From AGC – Andrew Tepper discussess ATITDII
While at the Austin Gaming Conference I met with Andrew Tepper, the mastermind behind A Tale in the Desert (ATITD) and upcoming Alvin Maker, based on the books by Orson Scott Card. “Teppy” and I talked about the present condition of ATITD and what was in store for the game in the near future.
A Tale in the Desert is one of the few MMOs that has a start and an end. The game can be won — or lost, depending on the actions of the players. Players must work together to complete the Monument of Architecture, Art, Body, Conflict, Leadership, Thought, and Worship. Each monument requires the help of many people of varying ranks in their respected discipline. If all the monuments are not constructed before time is up, players lose.
Whether the game is lost or won, once it is over it starts again. Each cycle is called a Tale, and Egypt is currently in its second Tale. 39 out of the 49 tests have been released; all are coded except the Test of Fountains.

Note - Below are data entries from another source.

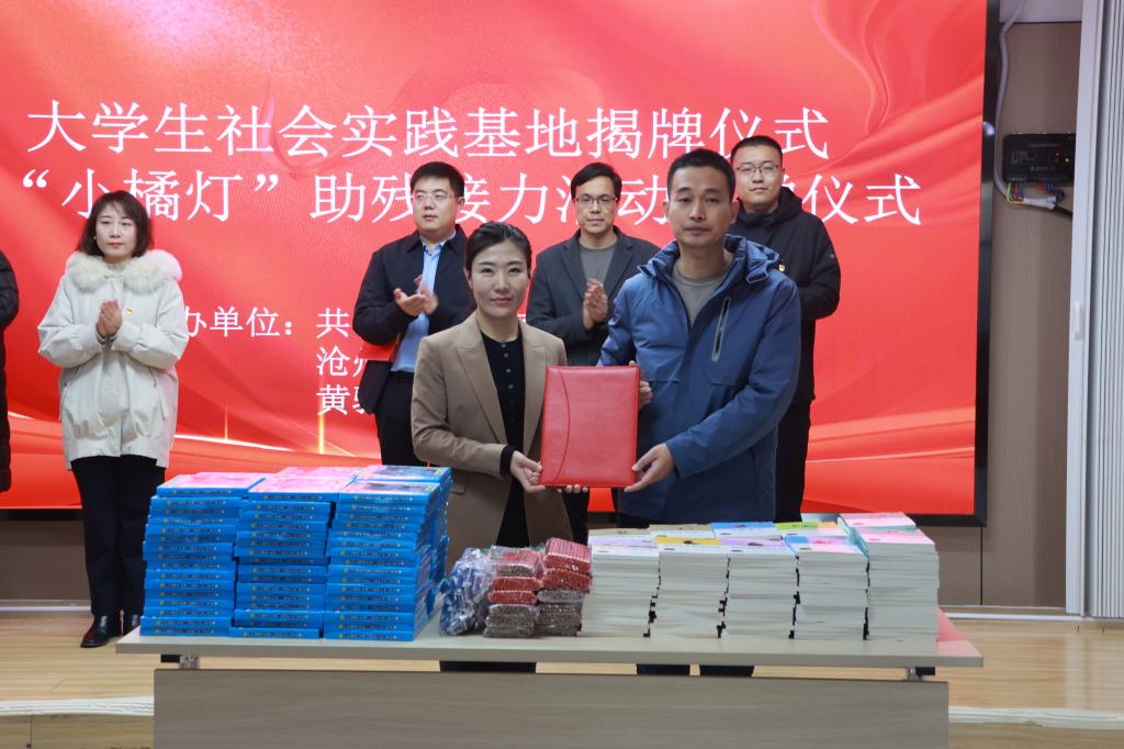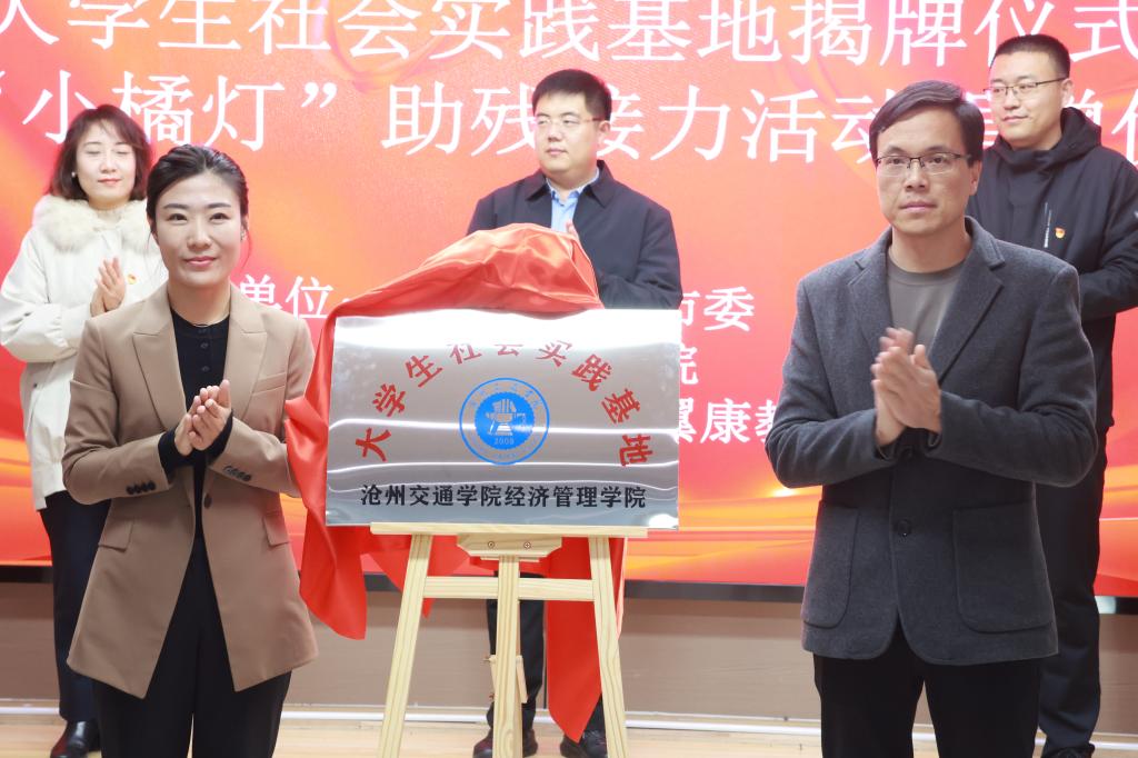 为深入贯彻习近平总书记关于青年工作的重要思想和志愿服务的重要指示精神,积极落实《河北共青团“小橘灯”助残接力计划实施方案》,聚焦自闭症儿童的实际困难和需求,弘扬“奉献、友爱、互助、进步”的志愿者精神。12月4日,sunbet官网经济管理学院与黄骅市星之翼康教中心联合举行了大学生社会实践基地揭牌暨“小橘灯”助残接力捐赠仪式。共青团渤海新区黄骅市委书记张鑫,sunbet官网党委副书记吴立军,渤海新区黄骅市星之翼康教中心校长刘岚,sunbet官网学生处处长王庆松,团委书记曹蒙春,经济管理学院党总支书记、副院长张炳凯,经济管理学院团委书记邵艳霞,经济管理学院社团指导老师梁云成出席本次活动。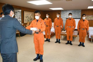 宮尾消防士長ら5人が報告のため市役所を訪れ、中川市長から表彰を受けた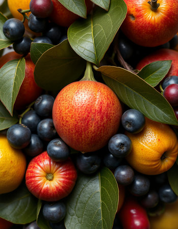 An AI generated illustration of A brightly colored still life of assorted fresh fruits, featuring a blueberry, strawberry, blackberry and apple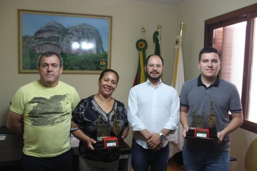 O Prefeito Giovani Amestoy recebeu nestaquinta(29) a Patronagem do CTG Sentinela do Forte, Gilnei e Lucas Marques e Edila Maria Henriques Fonseca, que vieram apresentar o Troféu de Finalistas em Danças Tradicionais, força B, do ENART 2018. Chegando pelasegundavez consecutiva na final, o grupo conquinstou o décimo lugar neste ano.

The monuments have another effect on Egypt — each monument team had to come up with a new test to be used in the next tale. With seven out of the eight player created tests already in the game, Andrew Tepper is very happy about how the system is working out. He describes most of the tests as “excellent.”
Lately, though, a lot of Tepper’s energy has been put into preparations for Tale 3. While a lot of ATITD’s content is played by ear, so to speak, Andrew is trying to get as much ready for the next tale as possible. For example, while at the small but extremely interesting Ludium conference, Andrew and a group of six others came up with new ideas for the marriage test in ATITD.
In Tales 1 and 2, marriage was an easy test to pass, but you could not be divorced and your spouse had some very intrusive powers. Not only did they have access to all of your private buildings, including storage, but if you were not online they could log into your character via a built in menu. Marry the wrong person and you could end up in the middle of the desert with an inventory full of concrete and no travel time.
Another important aspect of Tale 3 will be reusable events. Throughout Tale 1 and 2 all events had to be triggered and compiled by hand. To rerun the same event, hours of coding would have to be checked and relearned. This meant less events than Tepper would have wished for, as events always brought in flocks of immigrants.
For Tale 3, Andrew is working on a control panel to configure and start events. For example, the control panel can be used to trigger different food festivals. Options in the control can decide what type of event it is: a mutton festival, a watermelon festival, a meat festival, a vegetable festival, etc. While this means that many of the events will have the same format, at least there will be more events! This tool will be usable by the event team.
Other than that, there wasn’t much that “Teppy” could tell me. ATITD is largely coded by ear; “I get an idea, I develop it, and it’s in the game.”
Thank you to Laura and Teppy for doing this.